El final del año recientemente fenecido y el comienzo del 2012 se llenaron de acontecimientos políticos sin solución de continuidad y algunos de ellos dejaron perpleja a la ciudadanía.

El hecho que conmovió a la sociedad, es el relato de la, en primera instancia, “terrible” enfermedad que padecía nuestra señora Presidente, y que finalmente, para alivio de todos y en especial de Cristina, resultara “falso positivo” lo informado en el primer comunicado efectuado por la Unidad Médica Presidencial. Hoy el cáncer es una enfermedad, como cualquier otra, que puede provocar la muerte, pero que cada vez más, debido a los adelantos científicos, detectado a tiempo, es decir sin propagación o recién iniciada ésta, su tratamiento tiene las mayores probabilidades de éxito.

CFK en una revisación de rutina, y biopsia mediante, es informada de su mal. La sensación que experimentó es no deseable a ninguna persona, sobretodo por cuanto no tenía la menor sospecha o síntoma sobre lo diagnosticado. Es distinto el caso, de la persona que viene con problemas y a veces la detección del mal, quita la incertidumbre (que es el peor  estado humano) y se cobra fuerzas para enfrentar la enfermedad. Es totalmente comprensible, la “bronca” que pudo tener Cristina cuando se le avisó sobre la inexistencia del carcinoma (y un alivio al mismo tiempo), ya que el mal momento vivido no será olvidado fácilmente.
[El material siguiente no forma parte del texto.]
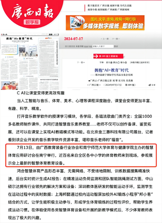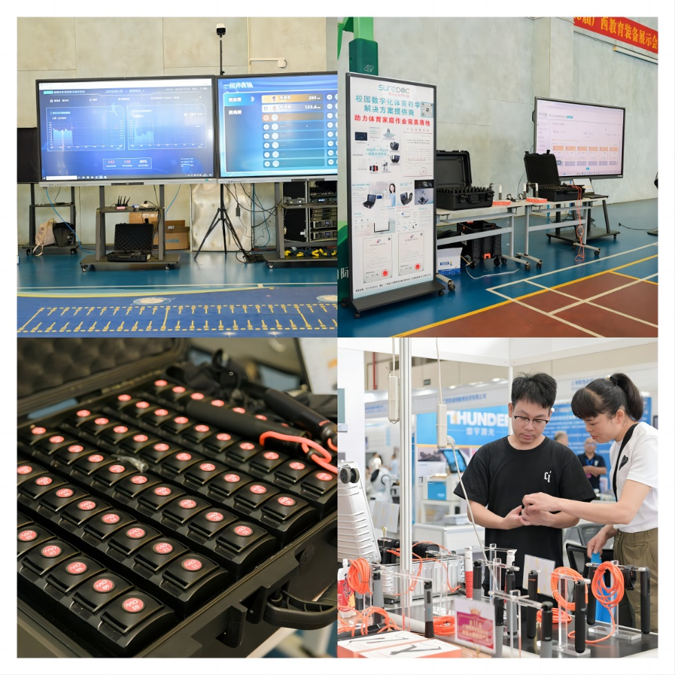 在展会上,广西教育装备行业协会展示了多款创新体育教育设备,包括鸿合智慧体育产品、上海邦懿科技有限公司、邦小易AI运动智屏、鸿合迹动和深圳教体医智能运动手环。这些设备无需网络连接且不受场地限制,能够精准、快速地收集训练数据,并实时生成人工智能报告,显著提升了体育教学的智能化水平。与会教师对此高度关注,认为智慧体育设备不仅能够提升体育教学质量,还能有效激发学生的运动兴趣和参与热情,从而显著改善学生在体育课上的表现和学习效果。

Todo ocurrido por una mala comunicación y/o coordinación entre el equipo médico actuante y el de la Presidente y por una evidente falta de profesionalidad en los responsables de dar la información oficial. De todos modos, lo importante es que, para todos, la Presidenta estará en plenas  condiciones para gestionar por cuatro años complicados.